Results and What They Mean
The core finding is that hallucinations, properly controlled, are not just an unavoidable nuisance but can be a resource. The adversarial model here is abstract, but it maps onto a recognisable real-world situation: a language model is trained on a corpus that covers only part of the true distribution, and the withheld portion is exactly what the model needs to generalise to. The theoretical result says that if you are willing to tolerate errors at a vanishing rate, you can recover coverage that is otherwise inaccessible.
The gamma-novelty result is perhaps the more surprising of the two. One might expect that allowing a fixed fraction of repetitions would help only marginally. Instead, any gamma strictly less than one is sufficient to achieve perfect recall and perfect precision simultaneously. The transition from gamma = 1 (strict novelty) to gamma < 1 is sharp: below the boundary, the problem becomes tractable in a much stronger sense.
The batched adversary generalisation is also worth noting as a standalone technical contribution. Prior work assumed the adversary reveals one string per round, which is a significant restriction. The batched setting is closer to how training data is actually presented, and the algorithms developed here remain correct under this more general model.
Limitations and Open Questions
The framework remains firmly in the worst-case, adversarial tradition of learning theory. The adversary is computationally unbounded and can withhold arbitrary portions of the target language indefinitely. This is a useful theoretical baseline but may not capture the statistical structure of real training corpora, where the withheld portion is not adversarially chosen but reflects sampling bias or data availability. Connecting these asymptotic results to finite-sample or PAC-style bounds would be a natural next step.

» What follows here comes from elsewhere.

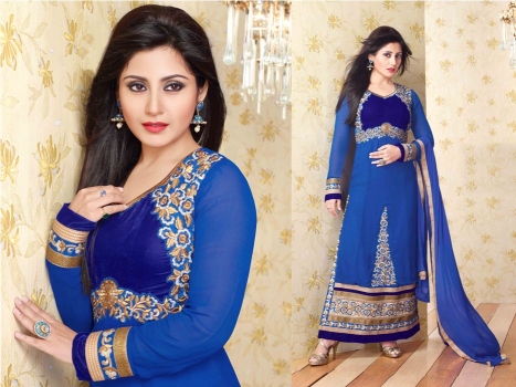 Blue georgette kameez, blue santoon bottom, blue chiffon dupatta with Heavy Zari, resham embroidery with stone work and Lace border.

The precision metric defined via exhaustions is elegant but leaves open the question of how to estimate precision in practice. For a deployed language model, you cannot observe the target language directly, so computing recall or precision in this sense requires knowing what you are trying to cover, which is precisely what is unknown. The theoretical results are therefore best read as existence proofs and impossibility results rather than as algorithmic recipes for practitioners.
There is also a question of whether the vanishing hallucination rate is achievable at a useful rate of decay. The theoretical results guarantee that the rate goes to zero but do not specify how fast. For practical purposes, a hallucination rate that decays as 1/log(t) is very different from one that decays as 1/t, even if both satisfy the asymptotic condition.
Overall, this paper makes a genuine theoretical contribution by introducing precision as a formal metric in the generation-in-the-limit setting and by showing that the recall-precision trade-off has a non-trivial structure that depends on the adversary's behaviour. The result that controlled hallucinations can unlock coverage otherwise blocked by adversarial withholding is both counterintuitive and well-grounded. It gives a theoretical basis for thinking about error rates in language generation as something to be managed rather than simply minimised.